Records to process =
○ ○ ○ ○ ○

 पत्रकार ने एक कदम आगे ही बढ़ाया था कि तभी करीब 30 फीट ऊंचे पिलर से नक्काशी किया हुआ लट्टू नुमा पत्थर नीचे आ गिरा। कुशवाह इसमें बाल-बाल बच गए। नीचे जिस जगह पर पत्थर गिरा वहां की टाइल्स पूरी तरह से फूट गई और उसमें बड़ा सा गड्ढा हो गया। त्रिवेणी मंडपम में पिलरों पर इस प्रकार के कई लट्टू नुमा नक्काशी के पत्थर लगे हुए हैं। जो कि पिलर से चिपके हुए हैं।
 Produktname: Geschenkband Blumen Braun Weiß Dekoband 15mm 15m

○ ○ ○ ○ ○

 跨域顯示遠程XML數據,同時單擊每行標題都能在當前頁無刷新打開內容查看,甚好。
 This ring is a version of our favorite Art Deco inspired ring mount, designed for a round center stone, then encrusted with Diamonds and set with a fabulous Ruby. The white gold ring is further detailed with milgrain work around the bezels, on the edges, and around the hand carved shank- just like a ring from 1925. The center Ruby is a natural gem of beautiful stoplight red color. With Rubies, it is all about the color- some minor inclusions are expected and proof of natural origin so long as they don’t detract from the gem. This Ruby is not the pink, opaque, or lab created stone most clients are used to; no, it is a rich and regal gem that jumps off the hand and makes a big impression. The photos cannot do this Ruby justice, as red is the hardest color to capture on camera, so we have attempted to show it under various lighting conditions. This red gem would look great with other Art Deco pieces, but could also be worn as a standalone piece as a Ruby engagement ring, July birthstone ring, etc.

○ ○ ○ ○ ○

Exercise objective =
What you return should be exactly the lines above, starting at the one with "पत्रकार ने एक" and ending at the one with "Produktname: Geschenkband Blumen", and nothing else.

Reply =
 पत्रकार ने एक कदम आगे ही बढ़ाया था कि तभी करीब 30 फीट ऊंचे पिलर से नक्काशी किया हुआ लट्टू नुमा पत्थर नीचे आ गिरा। कुशवाह इसमें बाल-बाल बच गए। नीचे जिस जगह पर पत्थर गिरा वहां की टाइल्स पूरी तरह से फूट गई और उसमें बड़ा सा गड्ढा हो गया। त्रिवेणी मंडपम में पिलरों पर इस प्रकार के कई लट्टू नुमा नक्काशी के पत्थर लगे हुए हैं। जो कि पिलर से चिपके हुए हैं।
 Produktname: Geschenkband Blumen Braun Weiß Dekoband 15mm 15m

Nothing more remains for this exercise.